In the fairy tale Cinderella, the prince has to go through the entire kingdom, trying to find his princess by testing people's feet to see if they fit a glass shoe. Time consuming, but not too bad compared with conventional searches for the 'feet' in drug discovery — that is, the drugs — which have often been performed without any knowledge of the protein 'shoe'. To stretch an analogy, structure-based drug design addresses this issue to some extent by using knowledge of the shoe to preassemble feet more likely to fit, but better still, what if the shoe itself could be used to make the ideal foot? This is the idea behind in situ 'click chemistry', a strategy developed by Barry Sharpless and colleagues, which could be thought of as testing a range of foot parts designed to link together in the shoe only if they can form a foot that fits perfectly. The first example of the application of this technique to the discovery of a femtomolar inhibitor of acetylcholinesterase (AChE) is described in a recent issue of Angewandte Chemie.

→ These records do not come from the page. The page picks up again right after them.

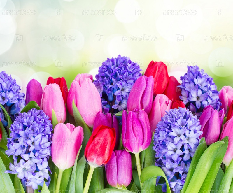 Голубой гиацинт и тюльпаны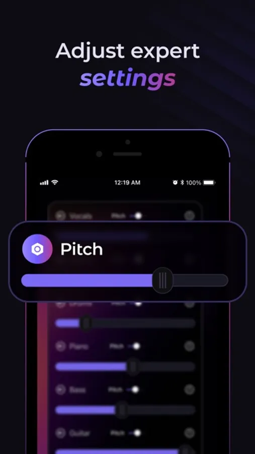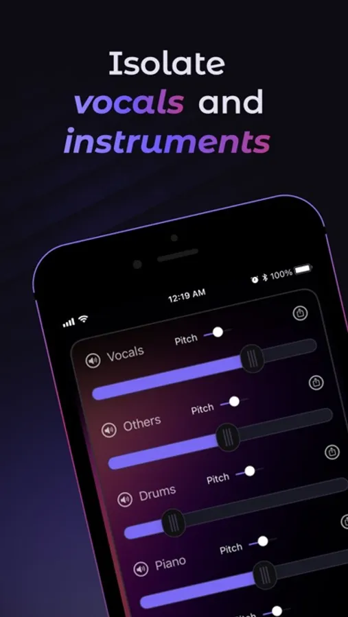Split songs into 6 audio tracks, including vocals and instruments, with MEL. Remove vocals and instruments, and adjust the pitch with utmost ease. Then play or sing, and master your craft.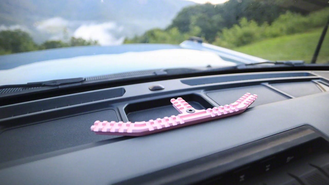 Construction and Appearance. The Dash Rail is constructed from a single piece and features a durable pink coating that not only ensures strength and longevity but also adds an eye-catching aesthetic to your vehicle's interior.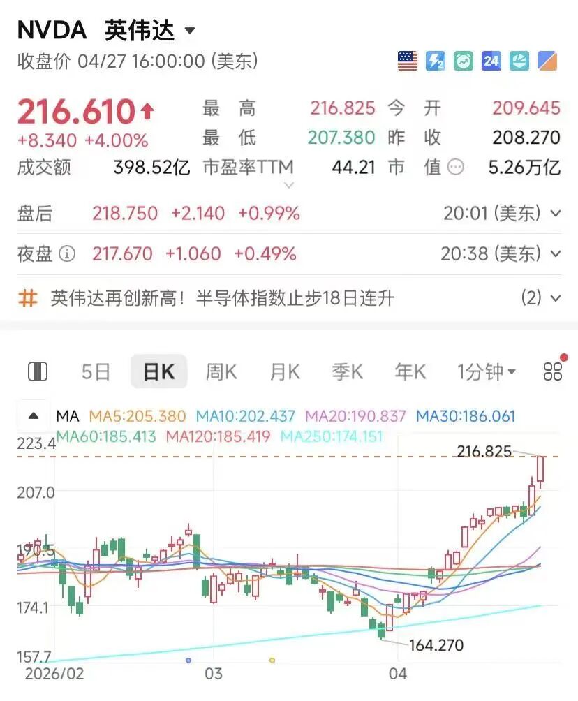 当地时间4月27日,美股三大股指收盘涨跌不一,标普500指数、纳指续创收盘新高。大型科技股多数上涨,英伟达单日收涨4%,收盘价触及216.61美元的历史峰值,市值随之攀升至5.26万亿美元,较全球第二大市值公司Alphabet高出逾1万亿美元。此外,存储芯片三巨头闪迪、美光科技、希捷科技股价均创下新高。

Click chemistry uses chemical building blocks containing functional groups that are thermodynamically 'spring-loaded' to react only with appropriate complementary functional groups in other blocks. The present study exploited the Huisgen 1,3-dipolar cycloaddition, which links azides and acetylenes — functional groups that are generally compatible with enzymes under physiological conditions, and that can easily be incorporated into a wide range of building blocks. The Huisgen cycloaddition can be carried out in water, and — ideally for the current purpose — the reaction depends on the proximity and appropriate alignment of the two components.

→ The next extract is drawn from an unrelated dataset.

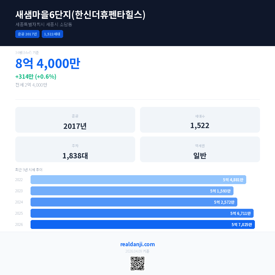 새샘마을6단지(한신더휴펜타힐스) 국민평형 기준 2026년 평균 거래가는 5억 7,025만으로, 전년 대비 0.6% 상승 했습니다.

AChE, a target of drugs for Alzheimer's disease, was used as a template for the assembly of the building blocks — in this case, small molecules known to bind with affinities in the micromolar to nanomolar range to either the active site or an adjacent site of AchE. These were linked to azide or acetylene groups by alkyl chains of varying lengths. Each of a possible 49 pairs of small molecules was incubated with AChE, and subsequent examination of the reaction mixtures by mass spectrometry indicated that only one azide–acetylene pair, TZ2–PA6, had combined. No such reaction occurs in the absence of enzyme, and blocking the active site inhibited the formation of TZ2–PA6, showing that the active site is acting as the template.

TZ2–PA6 is the strongest non-covalent inhibitor of AchE discovered so far by two orders of magnitude. It seems likely that broader applicability of the in situ click chemistry approach will be the subject of much future research.